Ok, I will implement change of GK IP as fist step,
then  full support of many GKs as next step.


By: Alexander Anikin (may213) 2012-02-18 18:28:06.863-0600

Dmitry,
Attached patches (for trunk and asterisk 10) allow change gatekeeper mode or IP on 'ooh323 reload'.
Please test it.


By: Dmitry Melekhov (slesru) 2012-02-19 21:47:05.528-0600

Hello!

Patch works (tested with 10.2rc) , thank you very much!

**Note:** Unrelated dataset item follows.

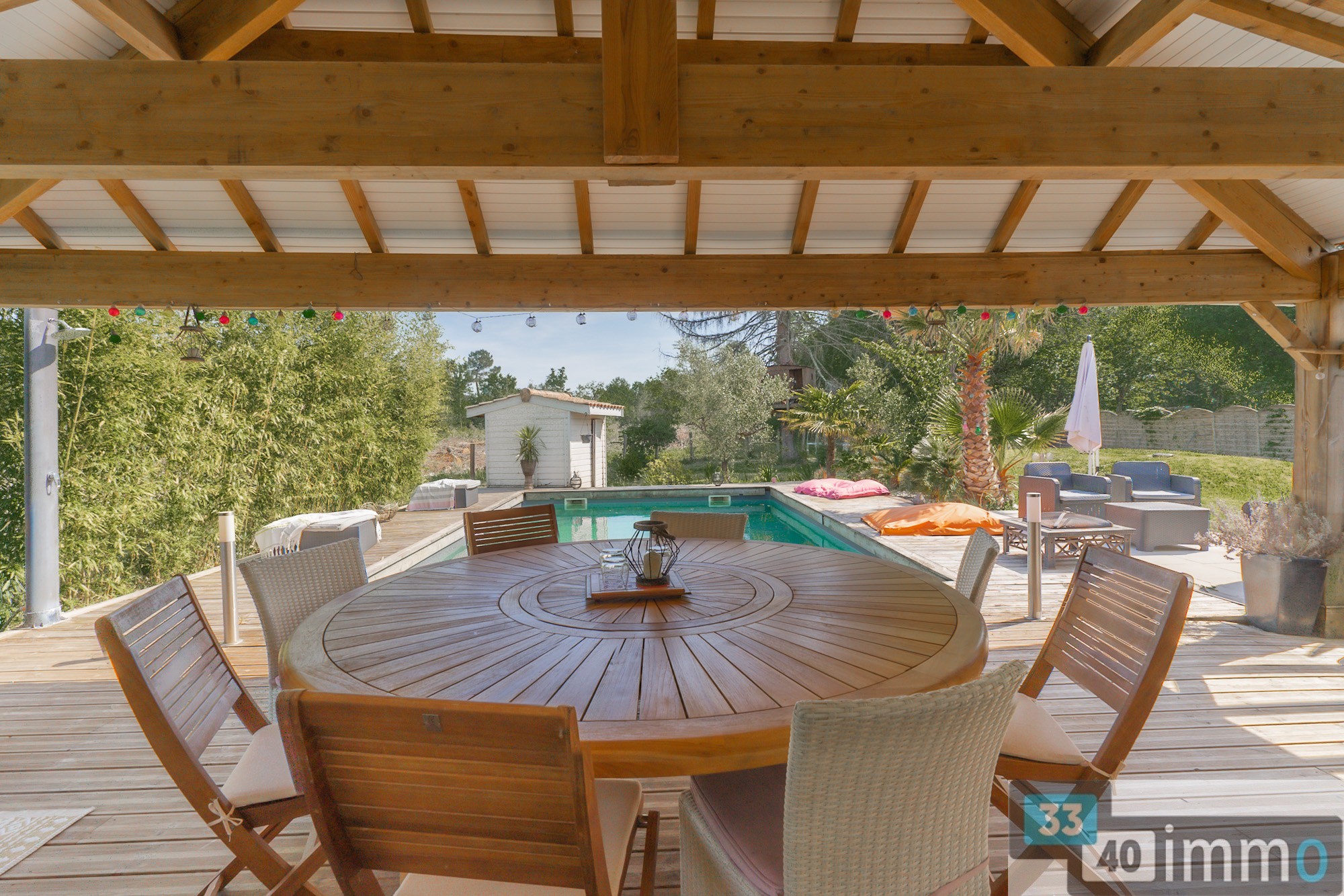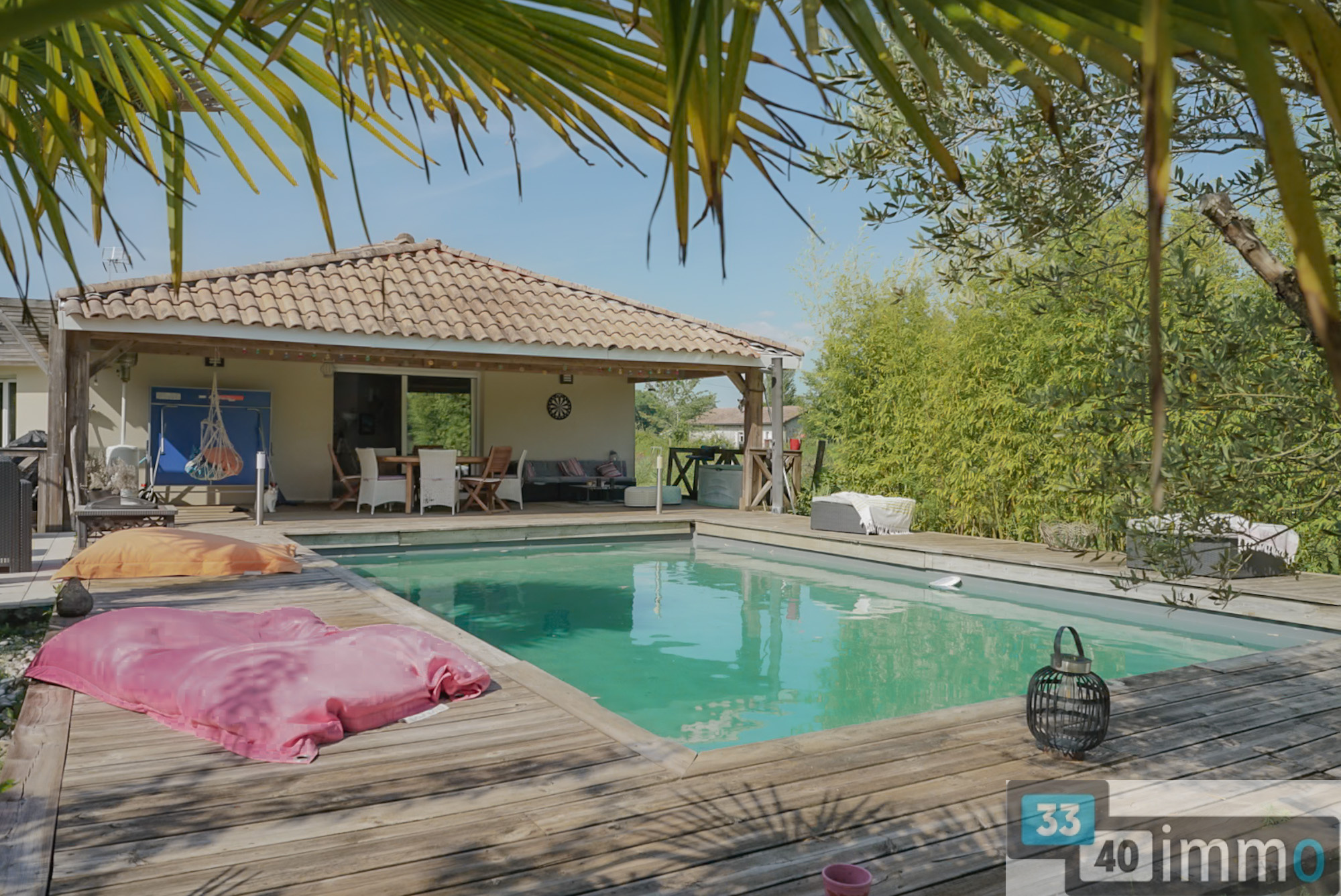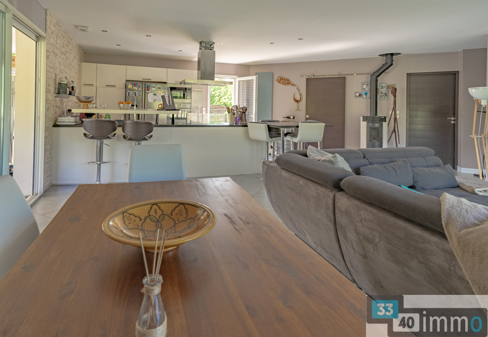 L'entrée est clairement délimitée et dispose de rangements intégrés. Elle ouvre sur une pièce de vie de 52 m², largement vitrée et exposée plein sud. La cuisine aménagée est ouverte sur l'espace salon et salle à manger, offrant une organisation fluide et fonctionnelle. Un poêle à granulés équipe la pièce pour la saison hivernale. En continuité, une grande terrasse couverte prolonge naturellement l'espace de vie vers l'extérieur et la piscine. La maison développe trois chambres, dont une suite parentale avec dressing et salle d'eau. Une salle de bain indépendante complète l'espace nuit, avec baignoire de grande dimension et double vasque. Les peintures ont été récemment refaites dans des tons clairs, apportant luminosité et cohérence à l'ensemble. Les chambres d'enfants sont équipées d'un parquet posé en chevron. La cuisine bénéficie également d'un accès extérieur direct vers une terrasse bois qui fait le tour de la maison, renforçant la relation entre intérieur et extérieur. L'architecture est résolument contemporaine. Le terrain, paysagé, offre une vue dégagée sur la parcelle et la forêt. L'environnement garantit l'absence de vis-à-vis et une réelle tranquillité. Une dépendance entièrement aménagée de 36m2 permet d'accueillir famille ou amis, ou de créer un espace indépendant. Elle comprend une salle d'eau, des toilettes, un espace de vie et une chambre en mezzanine. Un abri vélos en bois de grande capacité complète les annexes. L'assainissement individuel est conforme. Les écoles maternelle et primaire sont accessibles à pied en quelques minutes. Salles est une commune dynamique du Val de l'Eyre, appréciée pour son cadre de vie entre forêt et bassin. Sa situation permet un accès fluide vers Bordeaux et le Bassin d'Arcachon.

By: Dmitry Melekhov (slesru) 2012-02-19 23:31:21.396-0600

script1

By: Dmitry Melekhov (slesru) 2012-02-19 23:31:33.680-0600

script2

By: Dmitry Melekhov (slesru) 2012-02-19 23:31:45.788-0600

main script

By: Dmitry Melekhov (slesru) 2012-02-19 23:32:44.053-0600

Hello!

I uploaded quick dirty scripts which I'm going to use to switch gatekeeper.
Hope they'll help to understand what I want :-)

Thank you!


By: Dmitry Melekhov (slesru) 2012-03-07 04:07:17.770-0600

Hello!

Just found that ooh323 will not reregister in gatekeeper if it was restarted, even ooh323 reload with this patch doesn't help (may be because there were calls).
Have no debug log sorry and need time to reproduce on production system :-)

Thank you!


By: Dmitry Melekhov (slesru) 2012-03-13 11:25:04.070-0500

Hello!

Still can't reproduce :-) Looks like I need data link failure again ;-)
Is it possible to include this patch into next asterisk release?
Thank you!

By: Alexander Anikin (may213) 2012-03-13 17:14:13.270-0500

Dmitry,

I will do more testing this tomorrow.
Patch is already in trunk, rev 356848 (I was wrong in commit message,
refer to another issue - 19298).


By: Dmitry Melekhov (slesru) 2012-03-16 04:31:09.287-0500

Hello!

I reproduced problem once.
Unfortunately, ooh323 reload turns debug off, so I have no debug output.

What I did to reproduce:

1. started backup gnugk gatekeeper
2. killed with kill -9 main gatekeeper
3. changed gatekeeper to backup in ooh323.conf
4. called ooh323 reload, all is OK
5. stopped gnugk with killall gnugk
6. changed back gatekeeper to main in ooh323.conf
7. called ooh323 reload, on gnugk console I see only
GCF|10.1.1.17|ast-nsk|gateway;
(10.1.1.17 is address of this asterisk)
and there is no registration attempt .
tried several times with the same result.
So restarted asterisk and got normal registarition:
GCF|10.1.1.17|ast-nsk|gateway;
RCF|10.1.1.17:1720|ast-nsk:h323_ID|gateway|3686_p98;

I hope you will find difference between reload and ooh323 load...

Thank you!


By: Dmitry Melekhov (slesru) 2012-03-16 04:31:44.191-0500

btw, this is not 100% reproduceable :-(


By: Alexander Anikin (may213) 2012-03-21 12:47:15.594-0500

Dmiry,

pls test with change_gk_on_reload-2.patch.

I'm not sure but may be it can help if there are new calls during reload.


By: Alexander Anikin (may213) 2012-03-21 12:57:35.173-0500

Dmitry,

I can't reproduce your trouble, all reloads did ok in any cases (change from one to second gk and back or reload with same gk).

btw, Gnugk report RCF with some delay after GCF (above 1.5 second).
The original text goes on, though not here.